Created on: February 19, 2013
For those gamers that have affection for Microsoft products, there was a time when finding good role playing games was a chore. Honestly, it was not until the advent of the Xbox 360 that the company started putting out RPG games that players had enough interest in enjoying. One of the first ones that people took to was Enchanted Arms, a game that seems like a bit of a Final Fantasy ripoff. It is not, however, because it details it's own unique story and does so in an effective way.
The game centers around its main character, Atsuma, and his mysterious, but extraordinarily powerful arm. One does not know at the start of the game why he is blessed with his powers, but if gamers are lucky enough to push their way through the game, they learn more about it's origins during the trek. He has other friends that accompany him through the grid setup, which serves as the terrain of the game. Toya, Makato, Karin, Raigar, and Yuki are also part of his clan as they attempt to battle their way till the end.
Role playing games are about strategy, and the layout of the game board gives Enchanted Arms an added edge in that regard. Due to the grid like terrain, coupled with the enemy being situated on the opposite side of Atsuma, it requires a gamer to put in a fair amount of thought when it comes to strategy and defeating the opponent.
Pokemon has always been a popular game on the video game circuit, which Enchanted Arms developers were smart enough to incorporate an element that makes their games entertaining. One of the best things about Pokemon is battling other Pokemasters to try and acquire badges and other trinkets. In the case of Enchanted Arms, the Golem serve as this in the game, but with a bit more of an added bonus. Golems carry with them an assortment of different powers that can help a character through different challenges on the game board.
The battles are not long, drawn out struggles, but rather, have fast paced action.

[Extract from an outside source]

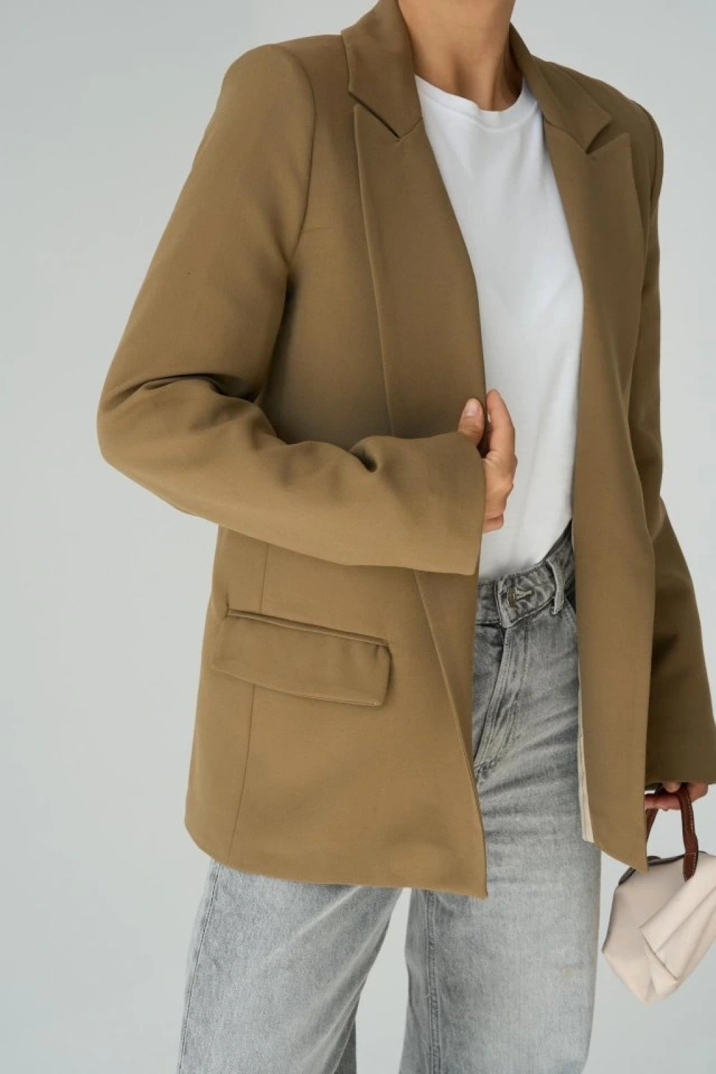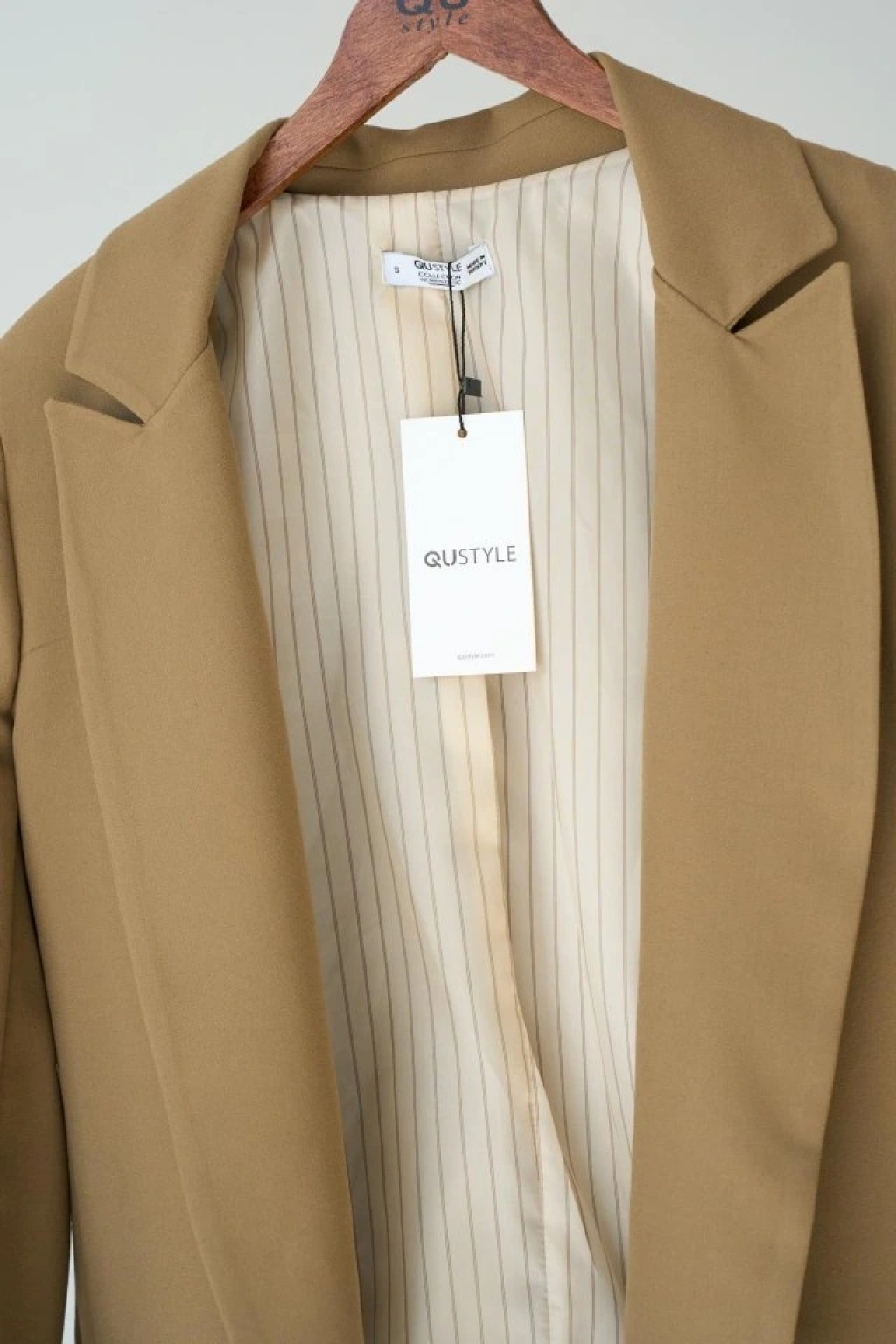 Astarı Çizgili Ceket - Vizon

For a relatively older game, the graphics are exceptional, especially at the point when a player is using spells, which light up the board in vivid color. For all these good aspects, it should be noted that the game is not perfect. The VC, or Vitality Points, is something that can definitely use some work. When heading into the maze like Holy Beast Shrine, it is easy for a player to get confused and lost in the morass. What is also tough is finding the areas to go to get back those VC points. If a player is without them, it can be terribly hard to survive.
Gamers should be able to carry more than the nine-piece limit leveled on each type of healing item. The negatives of the game are far outweighed by the positives that it provides. The need to make a player think hard about proper strategy makes this game a winner that all lovers of RPG based games should be adding to their collection.